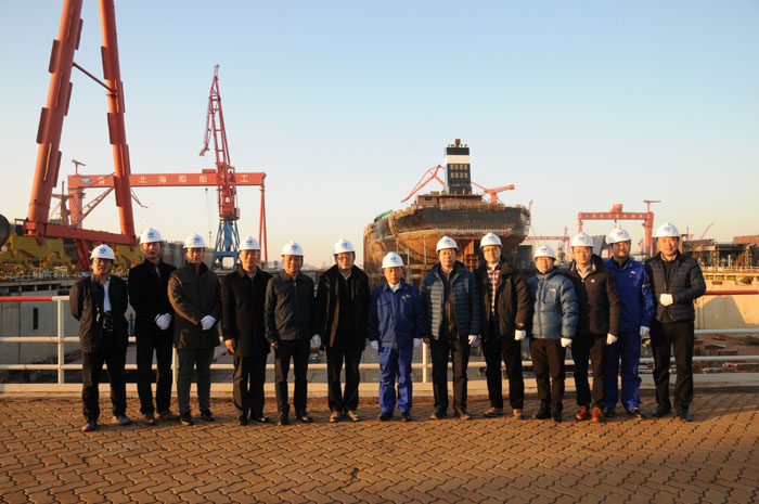 米健教授一行現場參觀了分段制造廠房、50萬噸級船塢、青島武船碼頭等重點船舶建造設施,以及40萬噸級VLOC、海工模塊等主要在建產品;公司總經理韓兵向米健教授一行介紹了公司近年取得的成績和未來發展戰略;公司副總經理谷克超就公司基本情況、產品業績、生產能力作了詳細匯報。米健教授對祖國近年來的科技發展成果表示欽佩,對武船集團北船重工取得的成績給予了高度贊揚,他表示,澳門未來實施海洋經濟戰略的趨勢是必然的,希望在國家政策的支持下,與中船重工集團緊密合作,早日取得新突破!
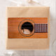 Detail guitar photo of strings and sound hole on a worn acoustic guitar.
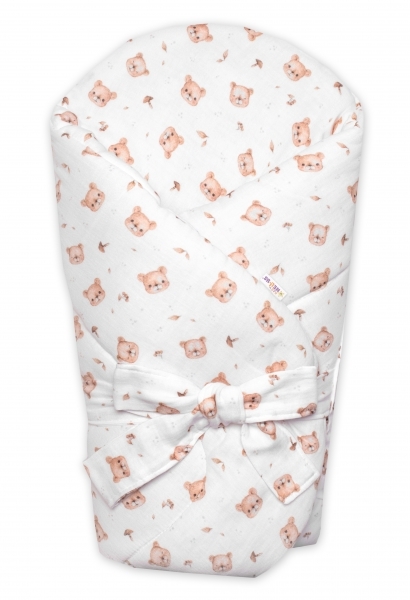 Mušelínová zavinovačka s výztuží na zavazování Teddy Bear, Baby Nellys 75x75cm, bílá
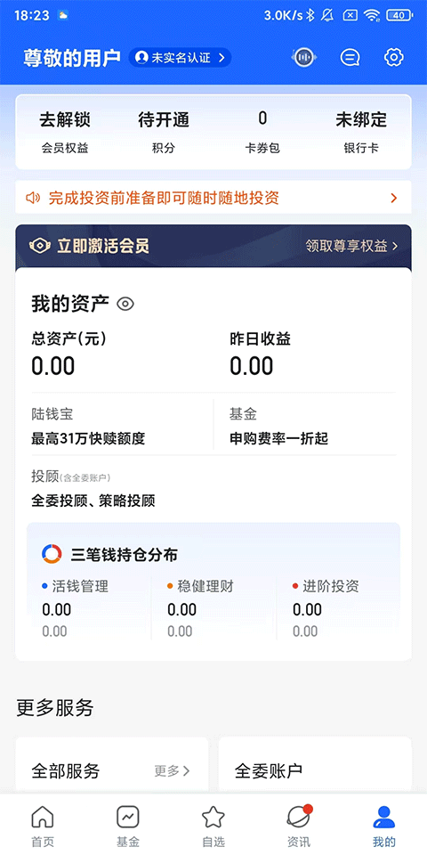3、账户资产,账户资产三笔钱分布全新上线,追踪资产动态一目了然;
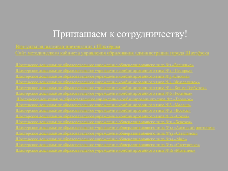 Сайт методического кабинета управления образования администрации города Шахтёрска
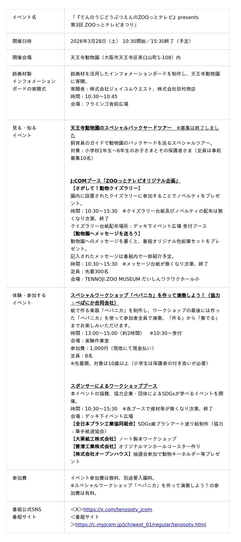 これからもJ:COMと天王寺動物園は、地域のステークホルダーと連携し、番組やイベントでの情報発信を通じて、SDGsについて考える機会の創出と、地域の皆さまに楽しさや感動をお届けしてまいります。
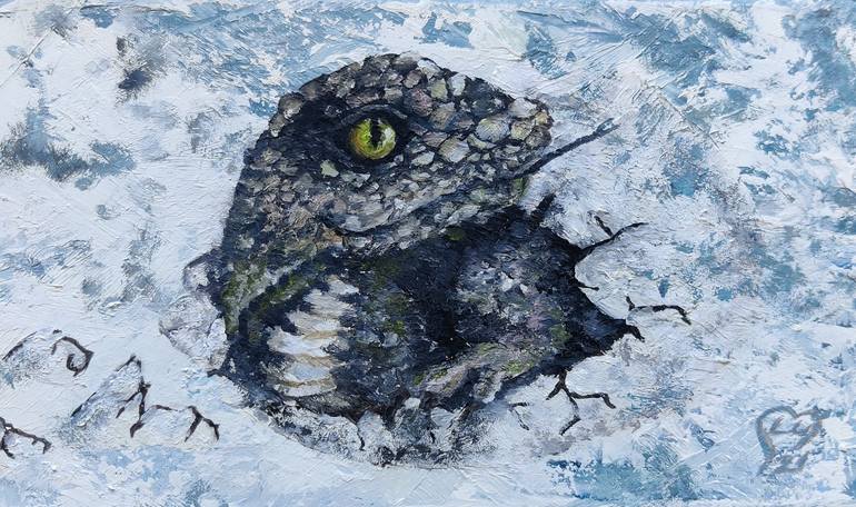 "Hatching Baby Lizard" is an oil painting that depicts the moment of birth of a small lizard. The background is a cool white and light blue, creating a frosty and crisp atmosphere. The cracked eggshell, in the foreground, gives a sense of fragility and vulnerability. The brushstrokes and textures us...
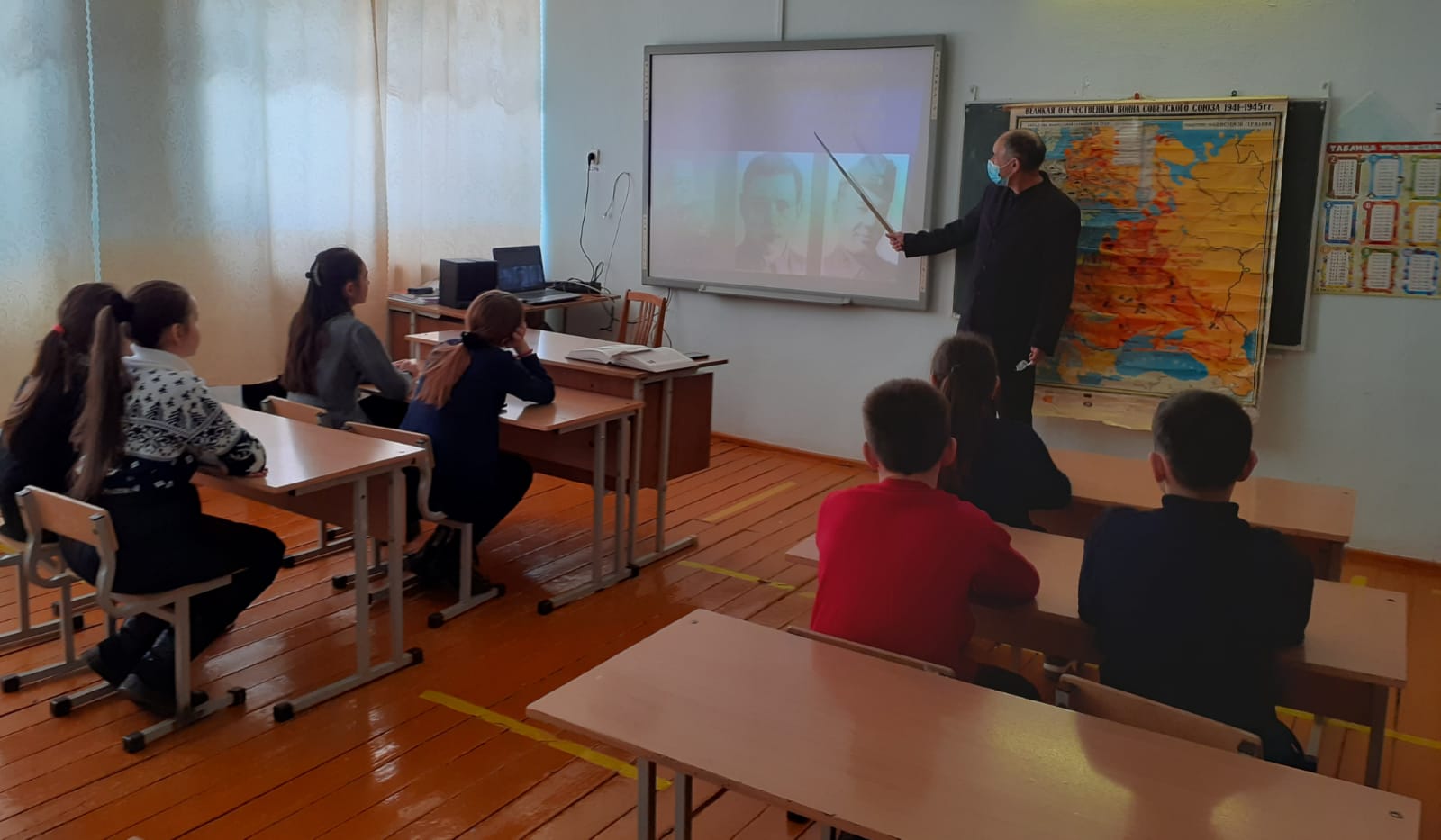 15 февраля в МБОУ СОШ д.Бадряшево учитель истории Гарипов Ф.К в 5 классе провел урок мужества «О подвигах генерал -мойора, командира легендарной 112 - й Башкирской кавалерийской дивизии М.М Шаймуратова и военного летчика, дважды Героя Советского Союза М.Г.Гареева." где обучающиеся ознакомились с биографией и боевыми подвигами наших знаменитых земляков.
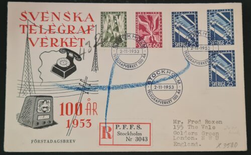 SWEDEN 1953 FDC REGISTERED ‘Anniversary Telegraphs’ STOCKHOLM 2-11-53
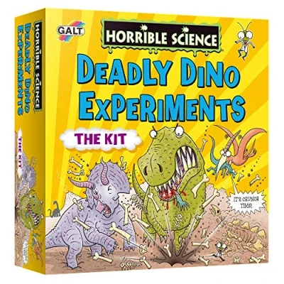 EDUCATIONAL TOYS FOR KIDS: Horrible Science Deadly Dinos provides an intro to the fascinating world of science, doubling as an educational toy for early STEM learning and a fun project for children FULL KIT: With excavation stone, tools, dinosaurs, goggles, slime egg, ornithopter, skeleton, clay, footprints mould, sand, cornflour, tray, card quicksand pieces, dino skull card pieces and notebook FOSSIL DIGGING KIT FOR KIDS: Children can dig up dinosaur fossils, build a trex skeleton, triceratops skull and make a terrifying pterodactyl ornithopter, Wind it up and watch it soar through the sky! HORRIBLE SCIENCE RANGE: The range, based on the bestselling books written by Nick Arnold and illustrated by Tony De Saulles, includes an array of fun and practical science experiments for children DISCOVER DINO FACTS: Discover the demise of the deadly dinosaurs through interactive play, Dig up dinosaur fossils, experiment with quicksand traps and amber slime, For kids ages 8 years plus, Manufacturer: Galt Toys
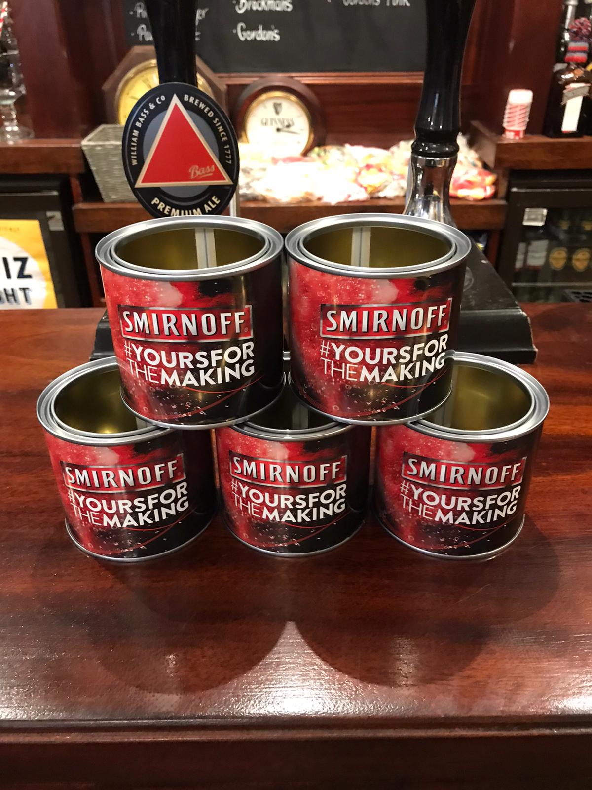 5 X Smirnoff Paint Tins Cocktail Cups
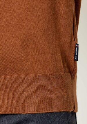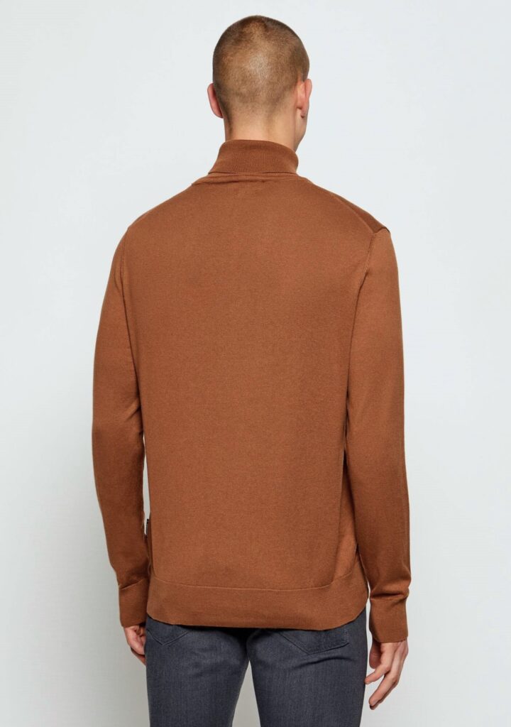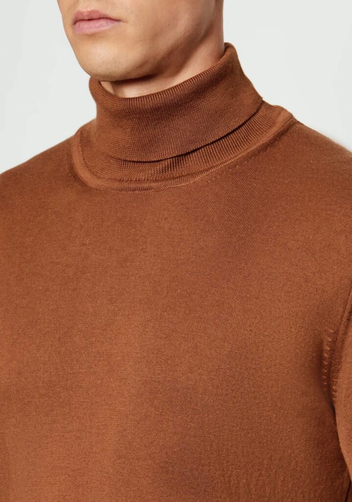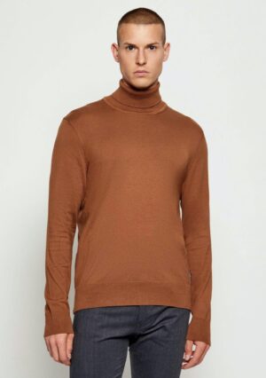 Franču zīmola HECHTER PARIS smalka adījuma vīriešu džemperis ar augstu atlokāmo apkakli zeltaini brūnā krāsā. Izgatavots no plāna modāla un kokvilnas maisījuma materiāla. Papildināts ar smalki rievotu apdari un zīmola logotipa logotipa emblēmu sānu vīlē.

════

EXERCISE REQUIREMENTS
Exactly as they stand, write the lines from the one holding "3、账户资产,账户资产三笔钱分布全新上线,追踪资产动态一目了然;" to the end of the material, both ends included. Do not copy the pictures.

SOLVED EXERCISE
3、账户资产,账户资产三笔钱分布全新上线,追踪资产动态一目了然;
 Сайт методического кабинета управления образования администрации города Шахтёрска
 これからもJ:COMと天王寺動物園は、地域のステークホルダーと連携し、番組やイベントでの情報発信を通じて、SDGsについて考える機会の創出と、地域の皆さまに楽しさや感動をお届けしてまいります。
 "Hatching Baby Lizard" is an oil painting that depicts the moment of birth of a small lizard. The background is a cool white and light blue, creating a frosty and crisp atmosphere. The cracked eggshell, in the foreground, gives a sense of fragility and vulnerability. The brushstrokes and textures us...
 15 февраля в МБОУ СОШ д.Бадряшево учитель истории Гарипов Ф.К в 5 классе провел урок мужества «О подвигах генерал -мойора, командира легендарной 112 - й Башкирской кавалерийской дивизии М.М Шаймуратова и военного летчика, дважды Героя Советского Союза М.Г.Гареева." где обучающиеся ознакомились с биографией и боевыми подвигами наших знаменитых земляков.
 SWEDEN 1953 FDC REGISTERED ‘Anniversary Telegraphs’ STOCKHOLM 2-11-53
 EDUCATIONAL TOYS FOR KIDS: Horrible Science Deadly Dinos provides an intro to the fascinating world of science, doubling as an educational toy for early STEM learning and a fun project for children FULL KIT: With excavation stone, tools, dinosaurs, goggles, slime egg, ornithopter, skeleton, clay, footprints mould, sand, cornflour, tray, card quicksand pieces, dino skull card pieces and notebook FOSSIL DIGGING KIT FOR KIDS: Children can dig up dinosaur fossils, build a trex skeleton, triceratops skull and make a terrifying pterodactyl ornithopter, Wind it up and watch it soar through the sky! HORRIBLE SCIENCE RANGE: The range, based on the bestselling books written by Nick Arnold and illustrated by Tony De Saulles, includes an array of fun and practical science experiments for children DISCOVER DINO FACTS: Discover the demise of the deadly dinosaurs through interactive play, Dig up dinosaur fossils, experiment with quicksand traps and amber slime, For kids ages 8 years plus, Manufacturer: Galt Toys
 5 X Smirnoff Paint Tins Cocktail Cups
 Franču zīmola HECHTER PARIS smalka adījuma vīriešu džemperis ar augstu atlokāmo apkakli zeltaini brūnā krāsā. Izgatavots no plāna modāla un kokvilnas maisījuma materiāla. Papildināts ar smalki rievotu apdari un zīmola logotipa logotipa emblēmu sānu vīlē.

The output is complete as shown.